Все это так далеко сейчас, не верится, что это и правда было с нами. Усталость, голод, болезни затуманили нашу память, стерли воспоминания. Почему мы здесь сейчас? Зачем зарылись в эти траншеи, с черными от дыма лицами, в лохмотьях, заскорузлые от грязи, месяцами вдыхая эту вонь — запах нужника и смерти?

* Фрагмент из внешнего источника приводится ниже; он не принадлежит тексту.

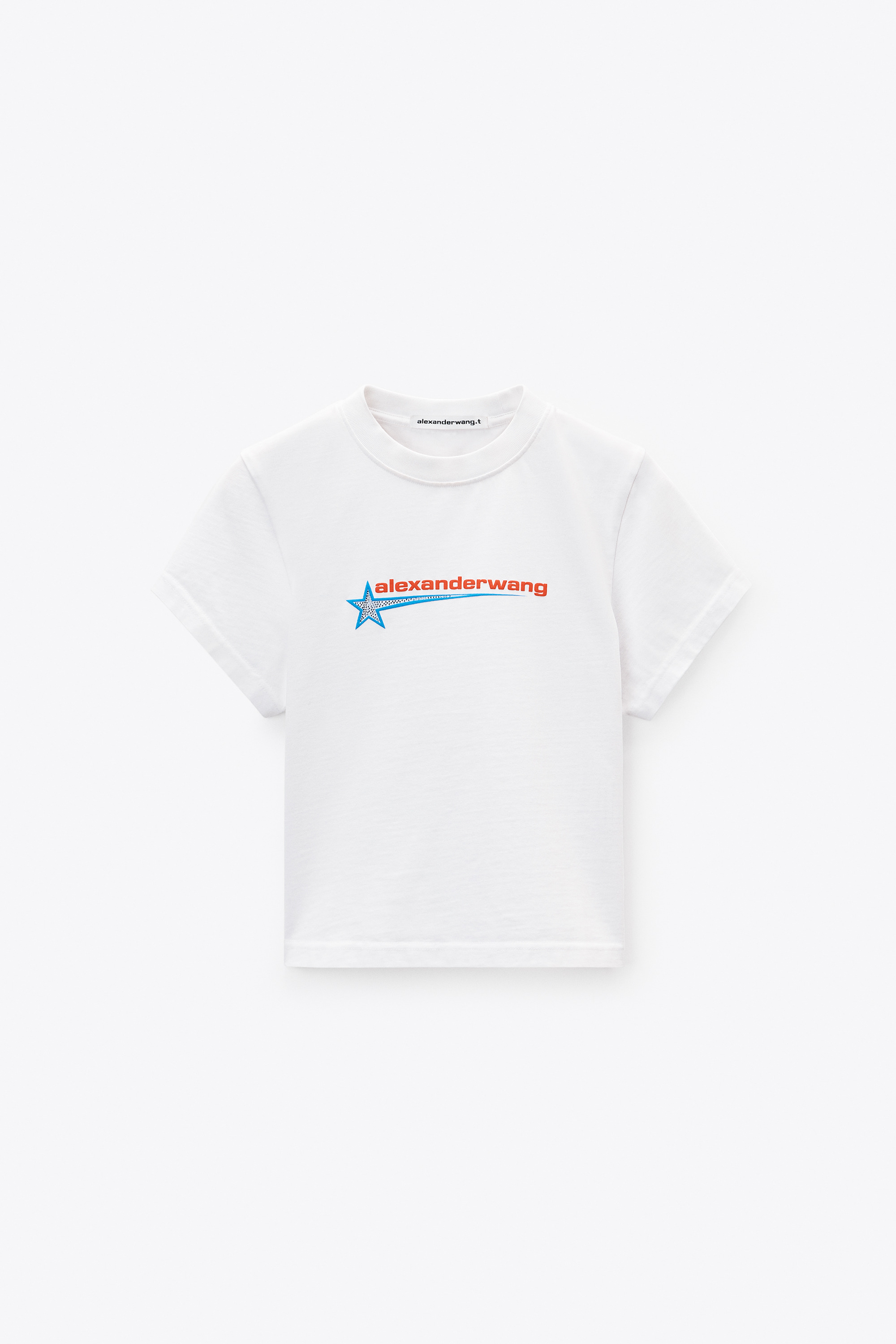 Unlined shrunken short‑sleeve tee in washed white compact cotton jersey, featuring a ribbed crewneck and crystal‑hotfix star graphic. - crewneck - short sleeves - shrunken fit - body compostion: 100% cotton - made in portugal - model is 5'11" and wears a size s - 1CC4251155100 composition Body: 100%COTTON Rib: 98%COTTON/2%ELASTANE

Мы привыкли к смерти, она стала нам безразлична. Мало-помалу она выкосила всех, с кем я познакомился в первые дни, когда мы катили в бронированных вагонах к станции Бов. Гигантская толпа, которую временами я видел сквозь щели в забитых досками окнах, шагала под дождем в сторону долины Изера, рассыпалась вдоль дорог, разделялась, соединялась, распадалась вновь. Пятая Дивизия Морланда, Двадцать седьмая Сноу, Двадцать восьмая Бальфина, Первая канадская дивизия Олдерсона, ветераны октябрьских операций, к которым мы должны были присоединиться вместе с Территориальными и Экспедиционными войсками. Мы думали тогда о смерти — еще думали, но о смерти славной, говорили о ней между собой вечерами на привалах: как тот офицер шотландцев, что поднял своих солдат в атаку, выскочив с одной саблей в руке против германских пулеметов. На Коминском канале люди с нетерпением ждали приказа к наступлению, в упоении слушая далекую канонаду, не прекращающуюся ни днем, ни ночью, словно подземные громовые раскаты. Когда же наконец приказ поступил — вместе с сообщением о том, что части генерала Дугласа Хейга выступили в направлении Брюгге, — всех охватила буйная мальчишеская радость. Солдаты кричали «ура!», бросали в воздух фуражки, а мне вспоминались добровольцы с Родригеса, ожидавшие своей очереди у здания телеграфа. На берегах реки Лис к нам присоединилась французская кавалерия. В зимнем сумеречном свете их синие мундиры выглядели ненастоящими, напоминая брачное оперение диковинных птиц.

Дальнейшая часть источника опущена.